Data block —
____________

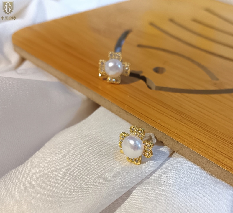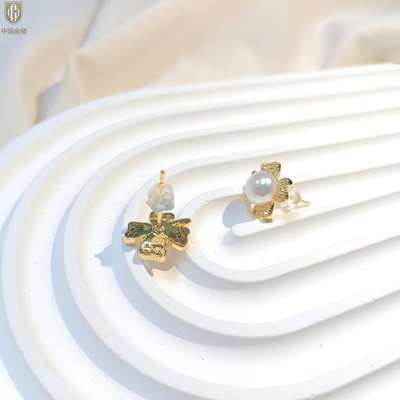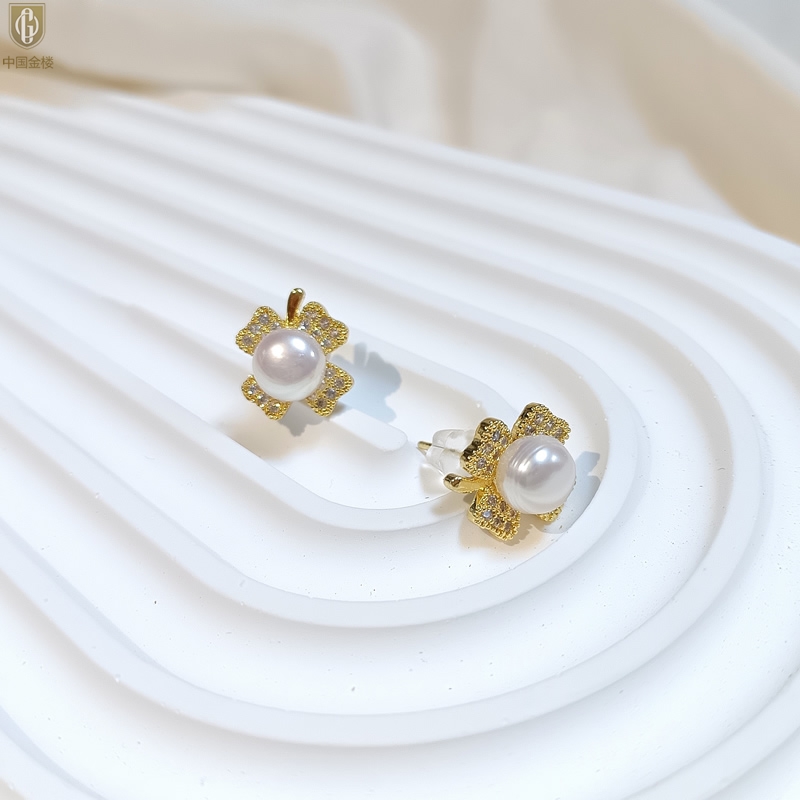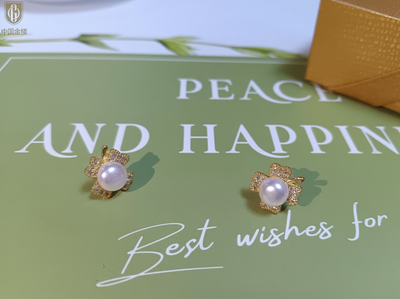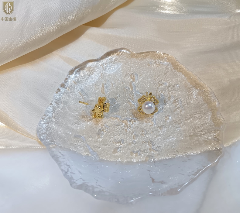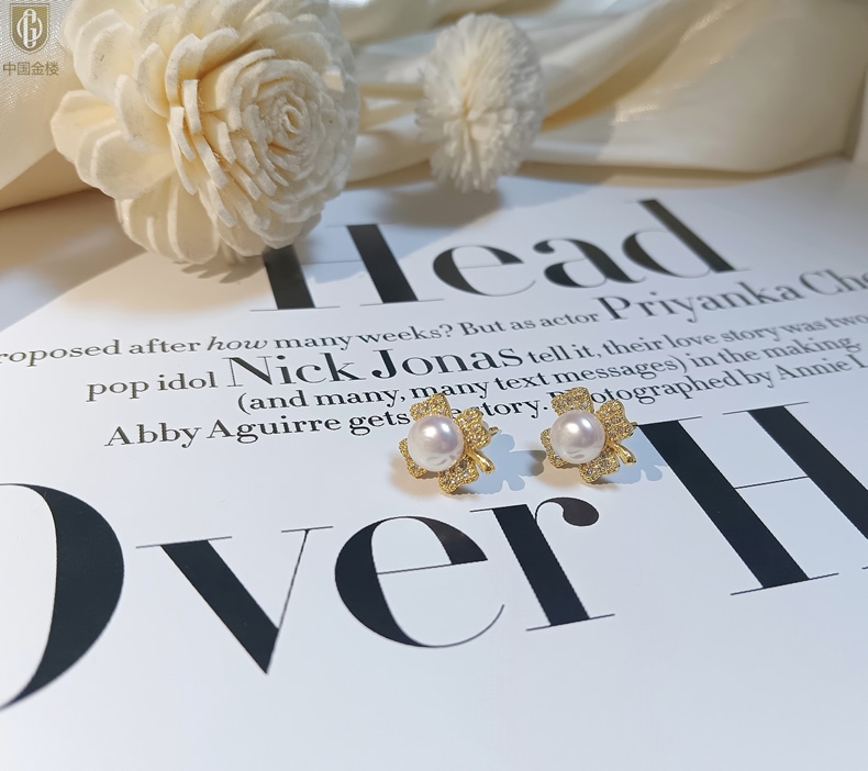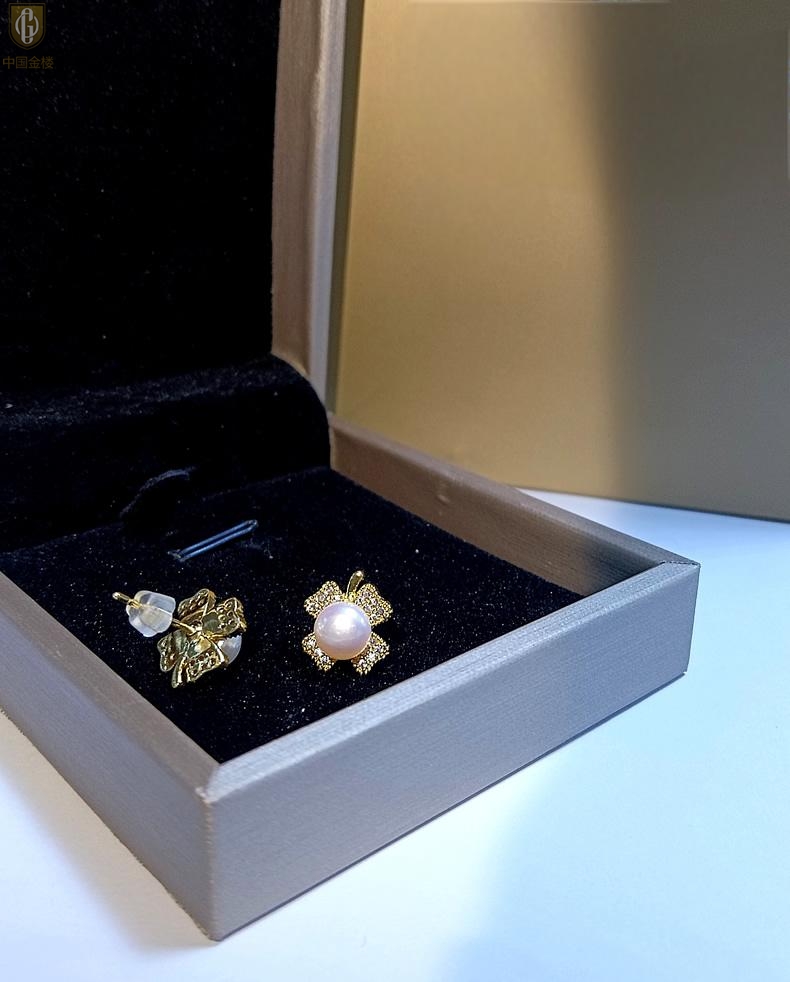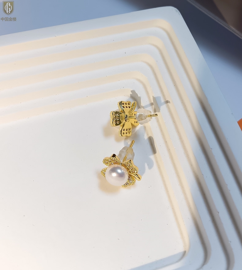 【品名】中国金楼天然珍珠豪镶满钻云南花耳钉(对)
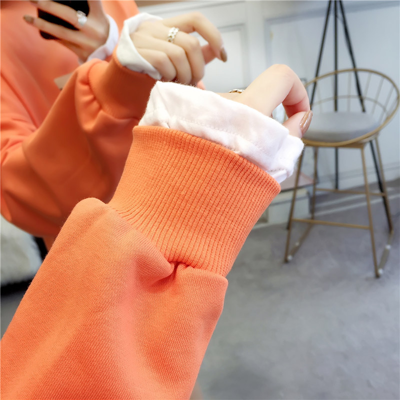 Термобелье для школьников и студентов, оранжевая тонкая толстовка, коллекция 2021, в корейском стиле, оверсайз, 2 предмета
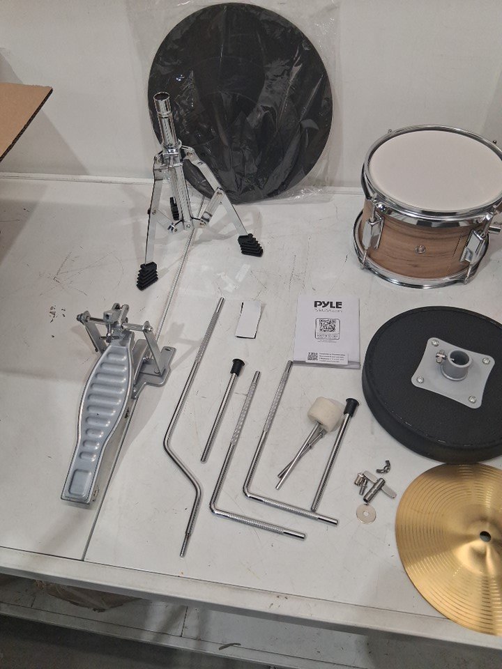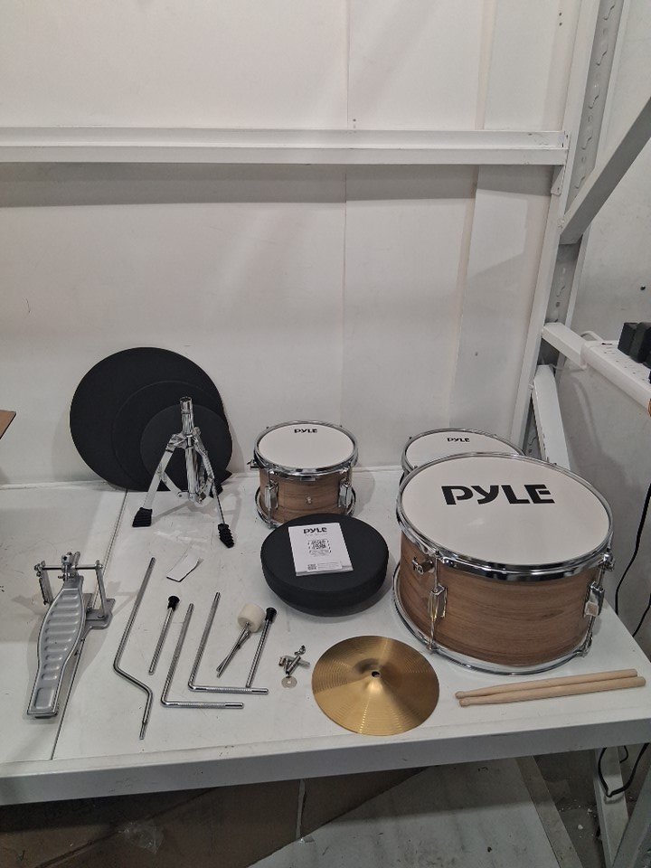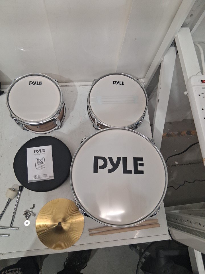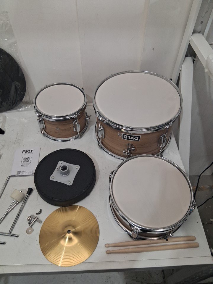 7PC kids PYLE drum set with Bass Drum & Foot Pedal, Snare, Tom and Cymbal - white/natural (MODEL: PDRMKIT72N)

____________

Action item —
Repeat each line of the material exactly, and drop any image it carries.

Exercise answer —
 【品名】中国金楼天然珍珠豪镶满钻云南花耳钉(对)
 Термобелье для школьников и студентов, оранжевая тонкая толстовка, коллекция 2021, в корейском стиле, оверсайз, 2 предмета
 7PC kids PYLE drum set with Bass Drum & Foot Pedal, Snare, Tom and Cymbal - white/natural (MODEL: PDRMKIT72N)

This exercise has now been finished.